What you return should be the exact lines from the one with "Take the first" to the end of the records below, both included, and no pictures.

= Beginning of Section =

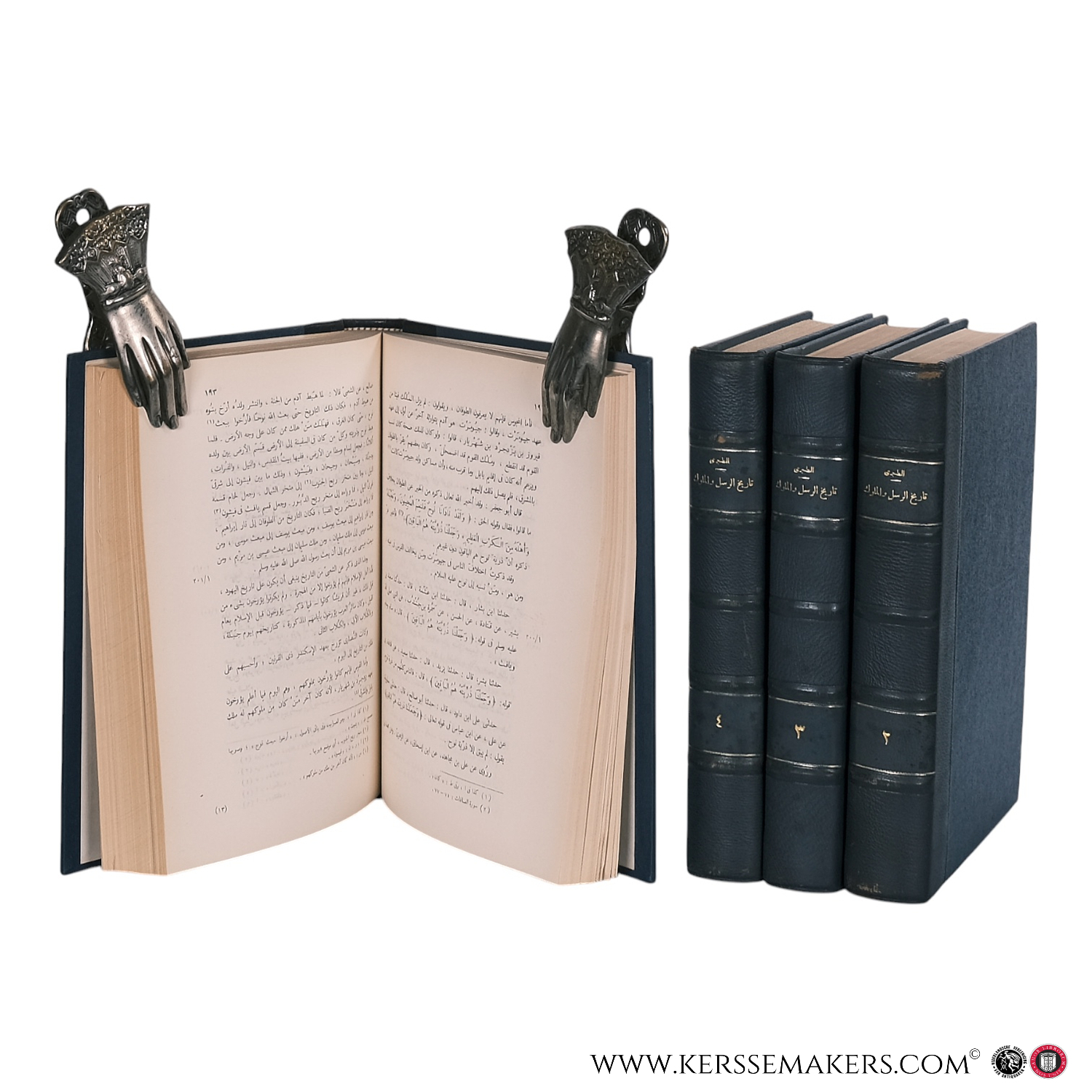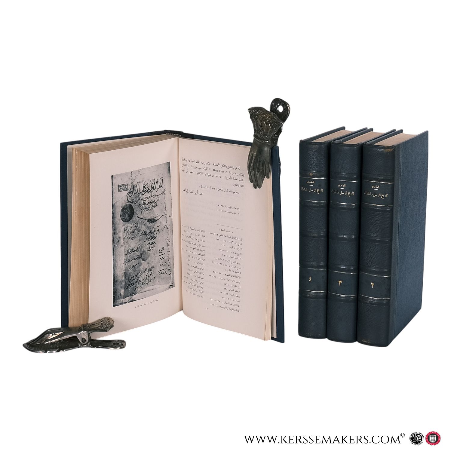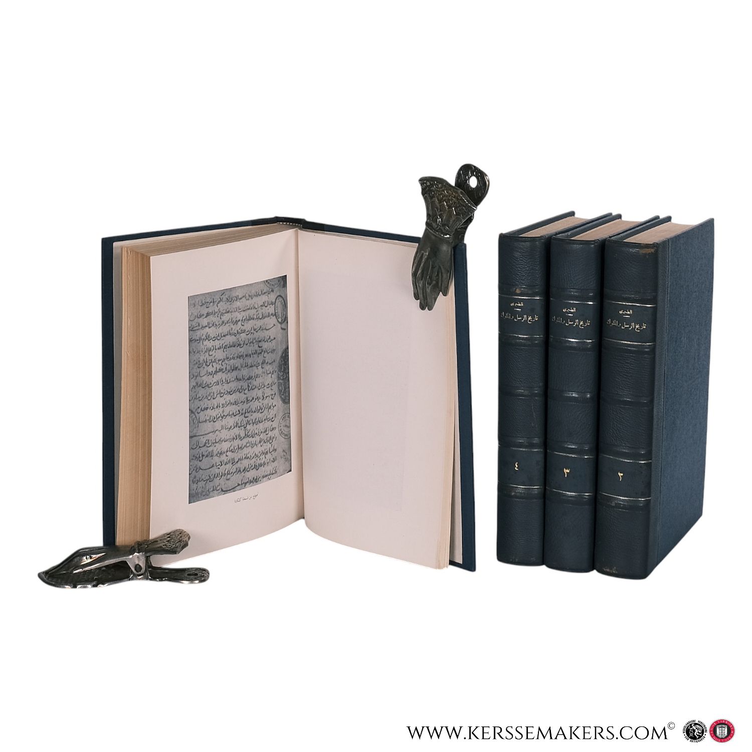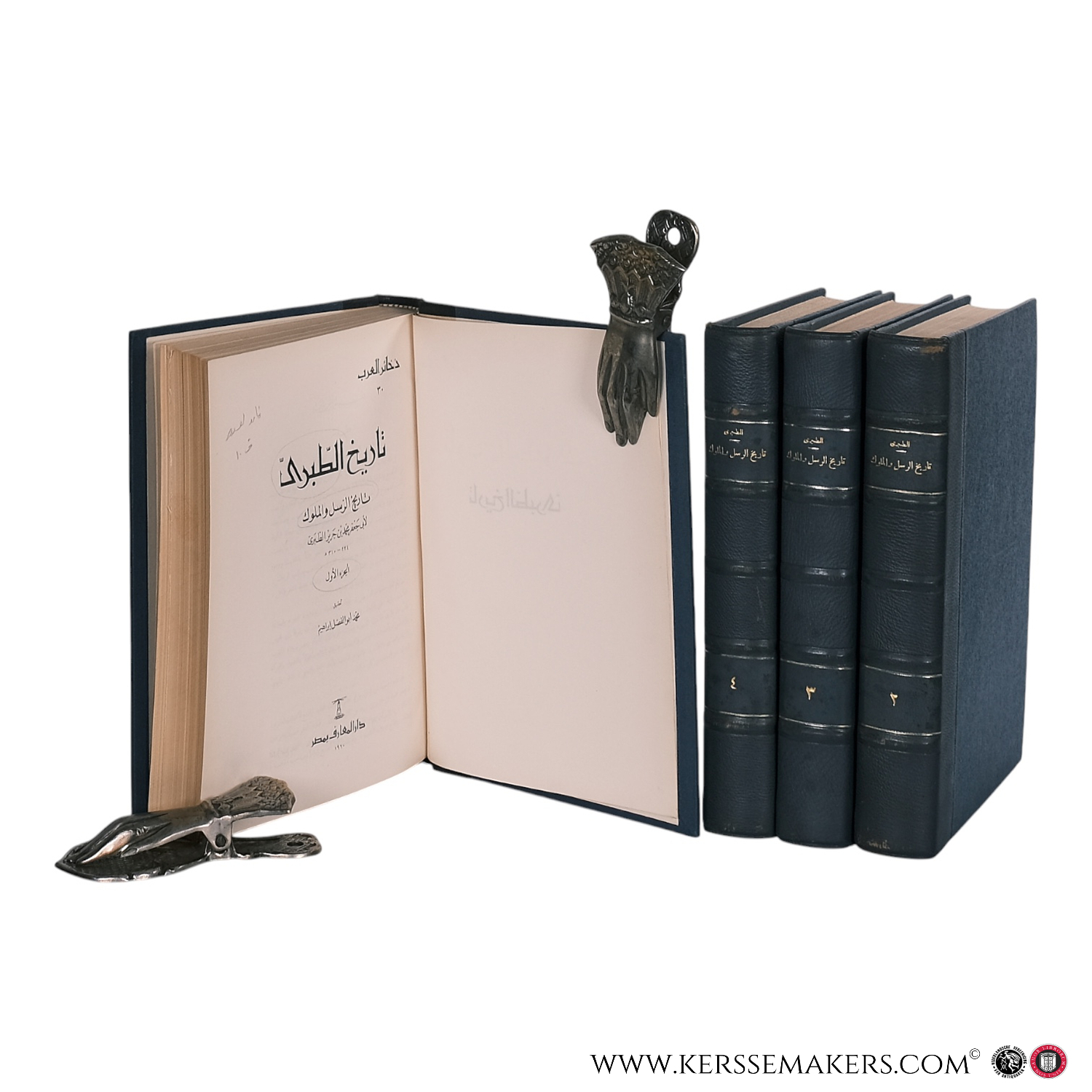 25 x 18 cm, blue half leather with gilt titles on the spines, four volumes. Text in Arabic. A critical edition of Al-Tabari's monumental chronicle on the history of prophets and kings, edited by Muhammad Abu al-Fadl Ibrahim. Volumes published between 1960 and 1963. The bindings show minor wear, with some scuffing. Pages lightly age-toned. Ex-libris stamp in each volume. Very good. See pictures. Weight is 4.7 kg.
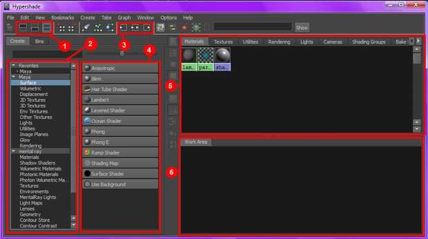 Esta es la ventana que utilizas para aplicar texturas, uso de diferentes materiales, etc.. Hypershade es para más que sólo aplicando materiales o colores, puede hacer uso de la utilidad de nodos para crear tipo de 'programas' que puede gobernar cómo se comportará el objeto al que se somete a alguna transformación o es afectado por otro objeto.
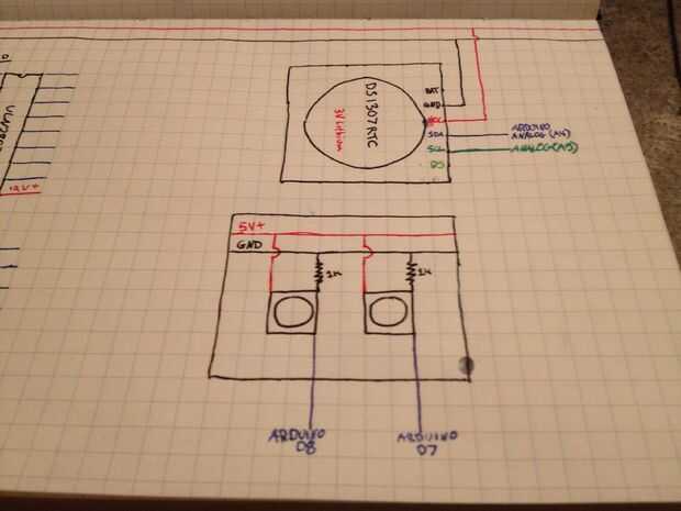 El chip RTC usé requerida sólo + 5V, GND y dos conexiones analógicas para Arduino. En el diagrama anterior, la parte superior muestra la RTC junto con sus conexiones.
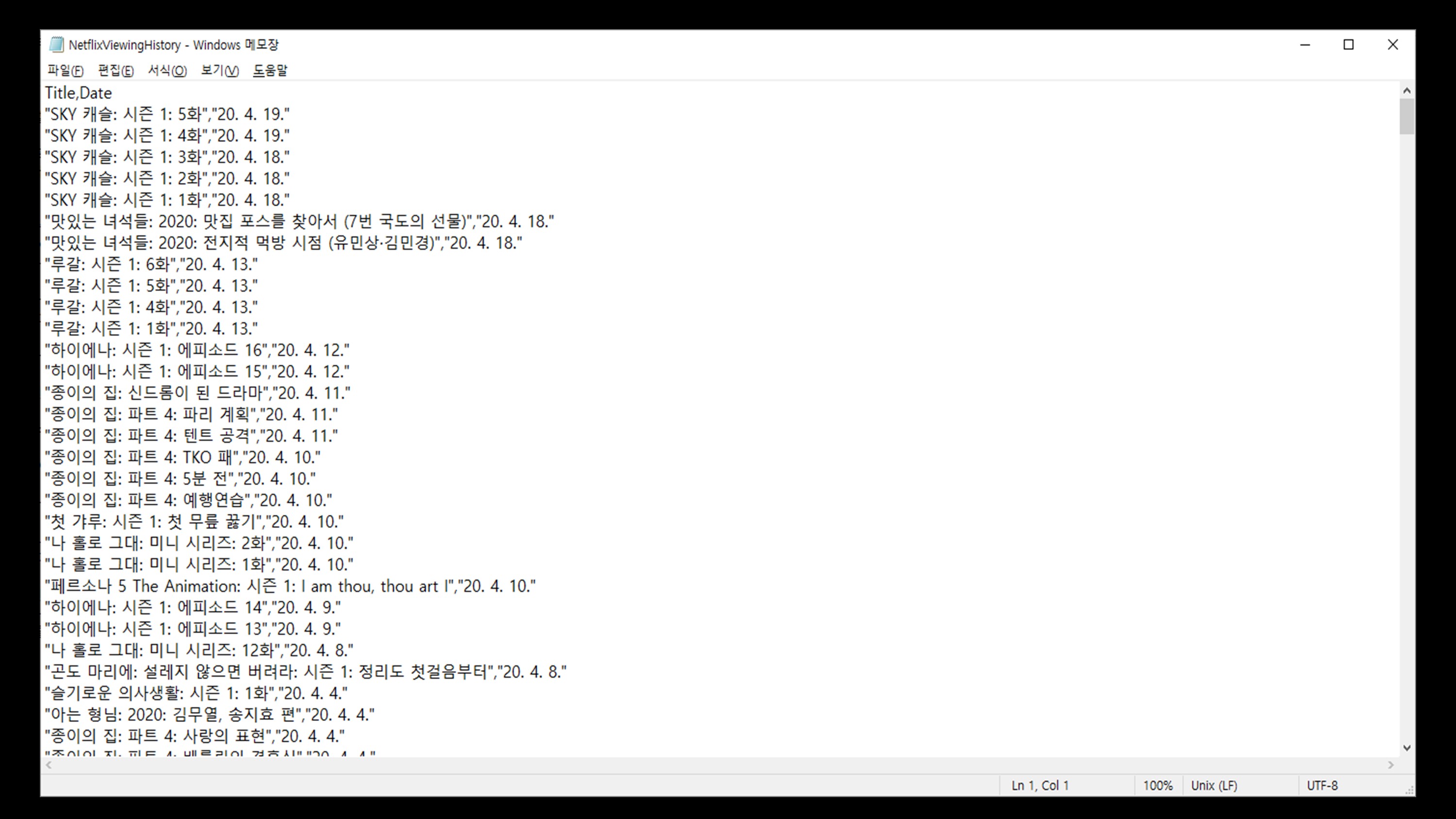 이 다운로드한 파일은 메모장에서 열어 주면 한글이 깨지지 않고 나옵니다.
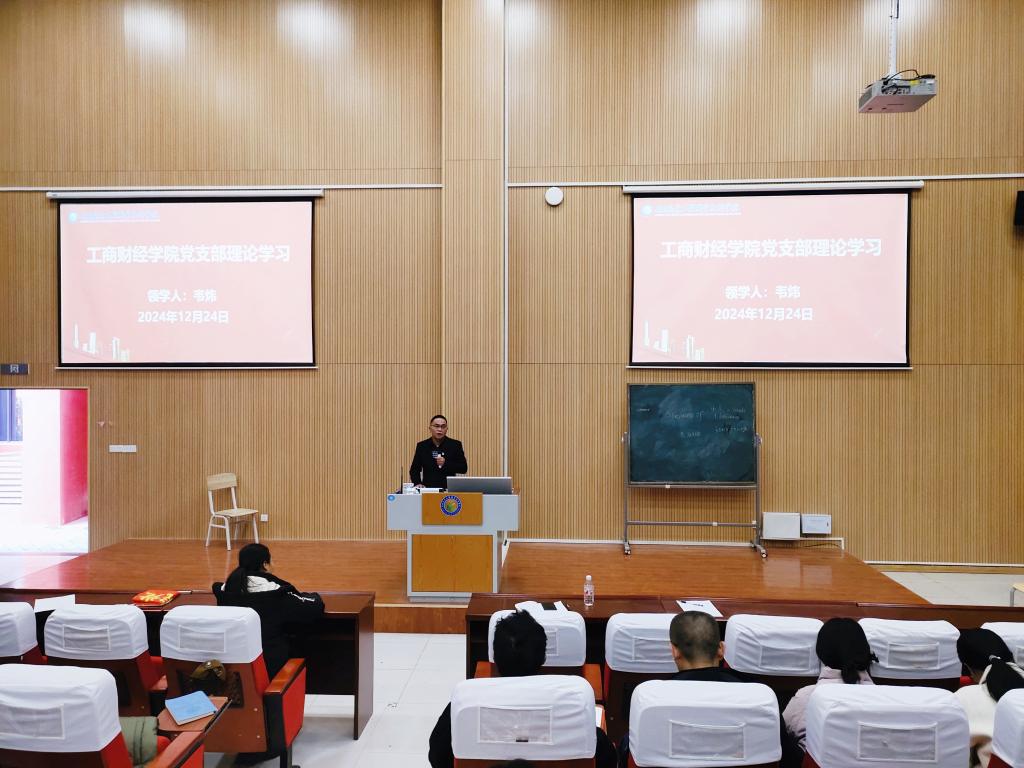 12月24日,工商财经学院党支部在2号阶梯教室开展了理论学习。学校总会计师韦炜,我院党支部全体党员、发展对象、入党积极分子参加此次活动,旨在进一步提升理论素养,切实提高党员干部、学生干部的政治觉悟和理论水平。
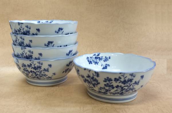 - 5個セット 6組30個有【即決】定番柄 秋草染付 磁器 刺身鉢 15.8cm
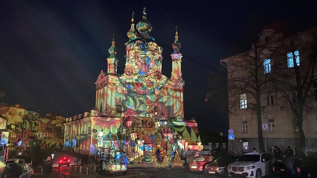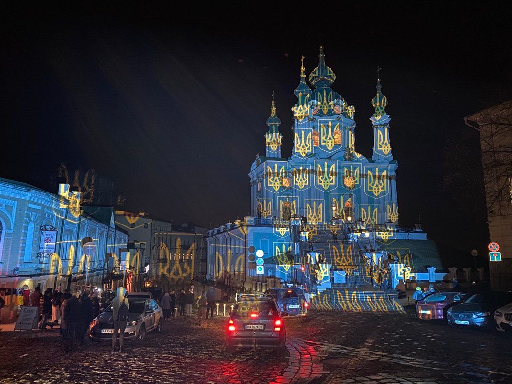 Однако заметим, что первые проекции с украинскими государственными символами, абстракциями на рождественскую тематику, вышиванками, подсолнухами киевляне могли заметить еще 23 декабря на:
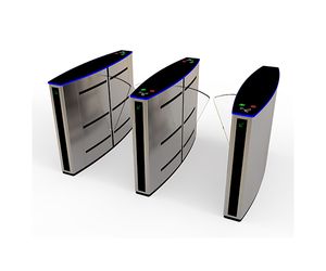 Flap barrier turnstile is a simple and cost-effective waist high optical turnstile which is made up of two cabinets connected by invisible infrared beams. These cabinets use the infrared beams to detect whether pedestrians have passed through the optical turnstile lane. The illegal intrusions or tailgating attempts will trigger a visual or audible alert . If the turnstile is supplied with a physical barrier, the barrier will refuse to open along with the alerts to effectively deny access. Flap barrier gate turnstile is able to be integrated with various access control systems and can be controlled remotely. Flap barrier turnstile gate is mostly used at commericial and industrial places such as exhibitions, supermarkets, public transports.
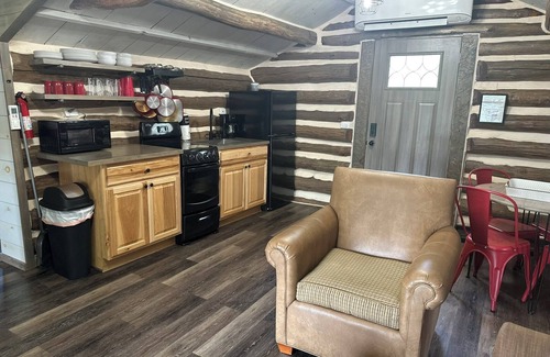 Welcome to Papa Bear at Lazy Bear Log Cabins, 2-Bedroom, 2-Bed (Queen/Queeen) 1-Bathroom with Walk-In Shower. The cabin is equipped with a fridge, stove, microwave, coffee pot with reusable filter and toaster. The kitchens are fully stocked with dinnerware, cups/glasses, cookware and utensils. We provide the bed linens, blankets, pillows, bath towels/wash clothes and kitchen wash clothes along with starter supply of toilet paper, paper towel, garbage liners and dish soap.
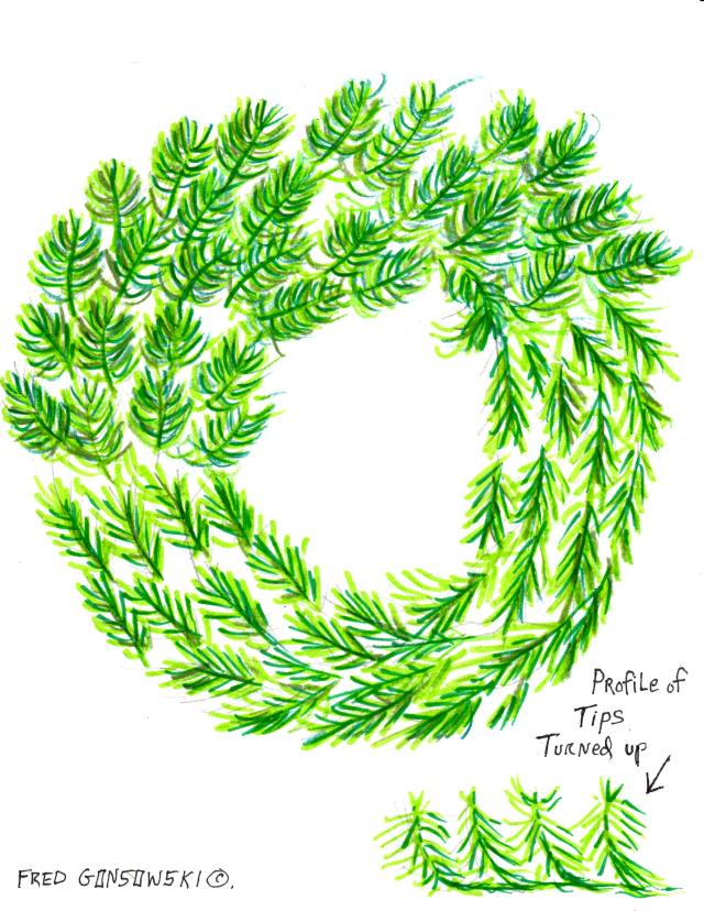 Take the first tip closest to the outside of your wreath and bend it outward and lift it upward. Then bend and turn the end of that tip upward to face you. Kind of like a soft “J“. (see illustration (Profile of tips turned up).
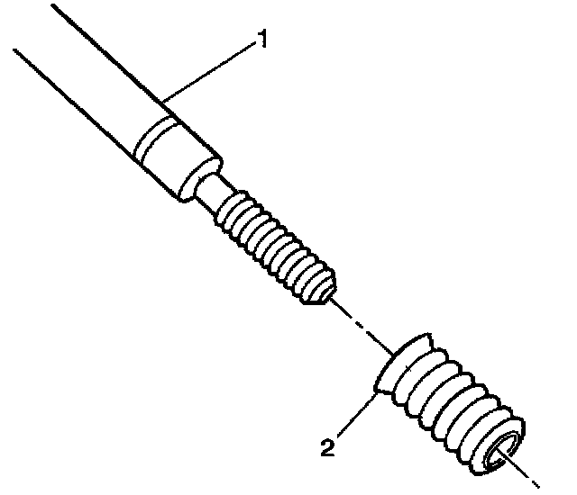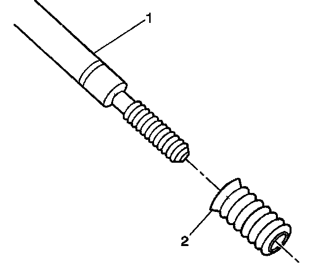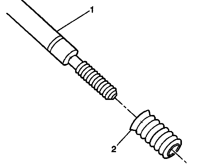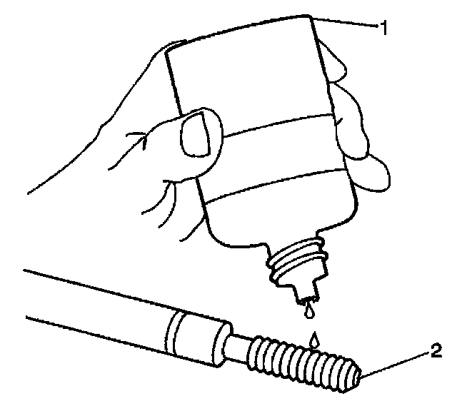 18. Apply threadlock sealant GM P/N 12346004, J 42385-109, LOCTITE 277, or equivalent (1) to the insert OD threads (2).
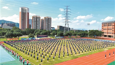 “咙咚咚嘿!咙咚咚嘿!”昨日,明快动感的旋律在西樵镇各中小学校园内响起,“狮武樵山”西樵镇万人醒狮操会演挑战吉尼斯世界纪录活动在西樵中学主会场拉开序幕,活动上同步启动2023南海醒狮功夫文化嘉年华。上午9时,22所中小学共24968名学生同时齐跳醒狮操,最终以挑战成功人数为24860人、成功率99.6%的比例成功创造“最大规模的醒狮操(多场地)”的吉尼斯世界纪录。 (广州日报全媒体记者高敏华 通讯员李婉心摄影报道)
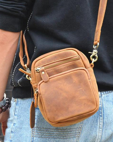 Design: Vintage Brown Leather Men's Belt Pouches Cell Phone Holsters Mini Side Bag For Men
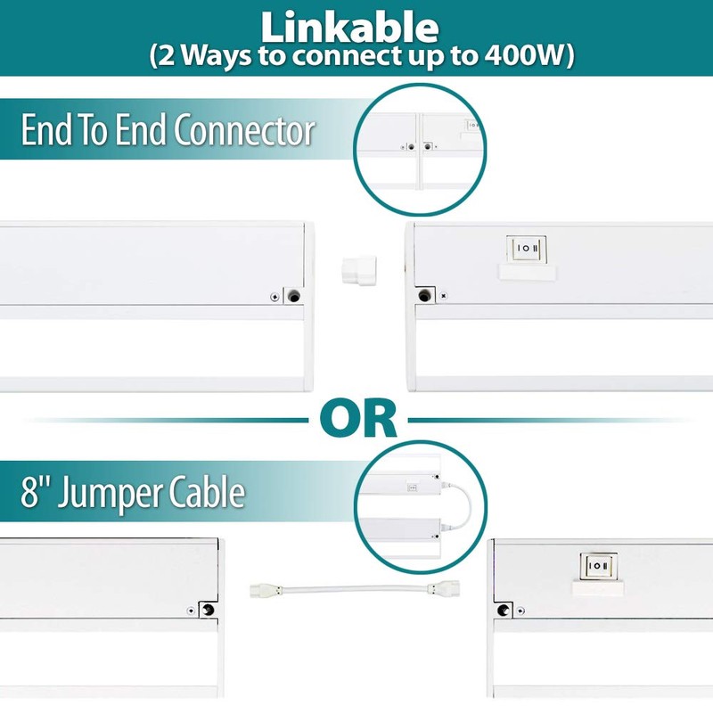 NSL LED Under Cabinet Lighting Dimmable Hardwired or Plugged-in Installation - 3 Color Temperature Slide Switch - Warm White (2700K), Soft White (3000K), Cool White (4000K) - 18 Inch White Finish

= End of Section =

▶ EXERCISE SOLUTION
 Take the first tip closest to the outside of your wreath and bend it outward and lift it upward. Then bend and turn the end of that tip upward to face you. Kind of like a soft “J“. (see illustration (Profile of tips turned up).
 18. Apply threadlock sealant GM P/N 12346004, J 42385-109, LOCTITE 277, or equivalent (1) to the insert OD threads (2).
 “咙咚咚嘿!咙咚咚嘿!”昨日,明快动感的旋律在西樵镇各中小学校园内响起,“狮武樵山”西樵镇万人醒狮操会演挑战吉尼斯世界纪录活动在西樵中学主会场拉开序幕,活动上同步启动2023南海醒狮功夫文化嘉年华。上午9时,22所中小学共24968名学生同时齐跳醒狮操,最终以挑战成功人数为24860人、成功率99.6%的比例成功创造“最大规模的醒狮操(多场地)”的吉尼斯世界纪录。 (广州日报全媒体记者高敏华 通讯员李婉心摄影报道)
 Design: Vintage Brown Leather Men's Belt Pouches Cell Phone Holsters Mini Side Bag For Men
 NSL LED Under Cabinet Lighting Dimmable Hardwired or Plugged-in Installation - 3 Color Temperature Slide Switch - Warm White (2700K), Soft White (3000K), Cool White (4000K) - 18 Inch White Finish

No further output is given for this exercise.